The arm 37 may support the stencil 35 at multiple, such as two, attachment points 65 or, as seen in FIG. 5, an arm 137 may support a stencil 35 at a single attachment point 165.

The stenciling apparatus 133 shown in FIG. 5 is a more manual embodiment of the invention, and may be preferable for smaller stenciling operations, or operations to be performed on more irregular surfaces than are conveniently handled using an apparatus such as is shown in FIGS. 1 and 2. The single arm 137 facilitates access to the stencil 35, which may be more difficult as the number of attachment points 65 (FIGS. 1 and 2) increases.
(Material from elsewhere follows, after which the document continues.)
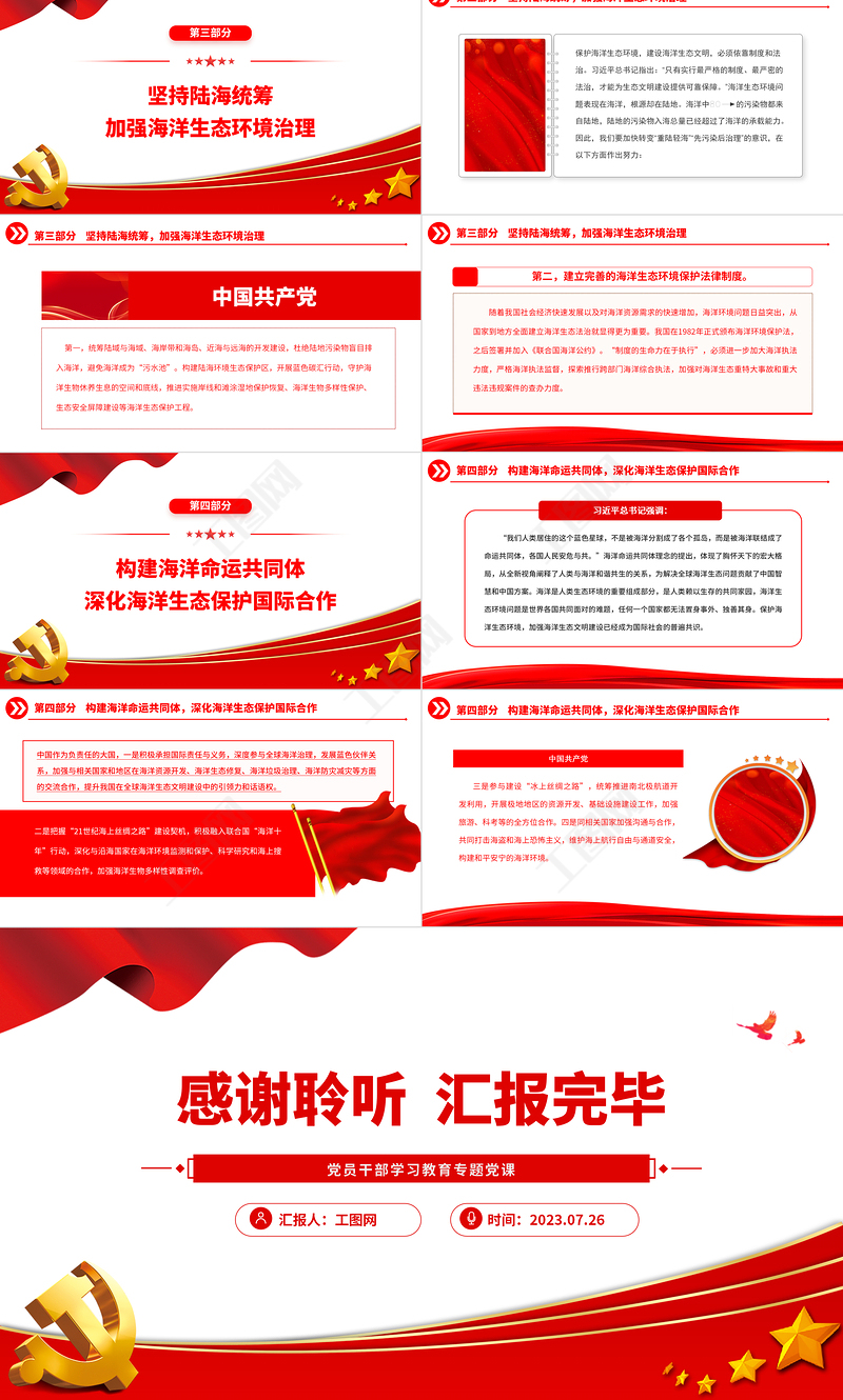 工圖網提供2023堅持綠色發展理念積極推進海洋生態文明建設PPT大氣精美風黨員干部學習教育專題黨課課件供會員免費下載。更多精彩黨課PPT素材,盡在工圖網。

The stenciling apparatus 133 is preferably part of an apparatus including a frame member 123 having a rigid frame portion 125 and an articulatable arm 131 to which a joint 41 is attached. The stenciling apparatus 133 is substantially identical to the stenciling apparatus 33.

A method for solder stenciling on a workpiece such as a PCB 27 according to the present invention will be described with reference to FIGS. 1 and 2. According to the method, the stencil 35 is aligned relative to a position on the PCB 27, preferably by using an optical alignment assembly 53 and a drive assembly 51, or, if preferred, manually. The stencil 35 is preferably aligned relative to the workpiece 27 by moving the articulatable arm 31 to which the stencil is attached relative to the fixed main frame 25.

Planarity of the stencil 35 is adjusted by pivoting the stencil about the pivot point 45 such that the stencil and the PCB are coplanar. After adjusting planarity, the stencil 35 is locked in a coplanar position, such as by a clamp such as a set screw 57. Solder is applied to

the PCB 27 through the stencil 35, such as by manually applying the solder with a squeegee.

The stencil 35 is removed from the PCB 27, preferably by being raised by the drive assembly 51.

It is, of course, possible to embody the invention in specific forms other than those described above without departing from the spirit of the present invention. The embodiments shown are merely illustrative and should not be considered restrictive in any way. The scope of the present invention is given in the appended claims, rather than the preceding description, and all variations and equivalents which fall within the range of the claims are intended to be embraced therein.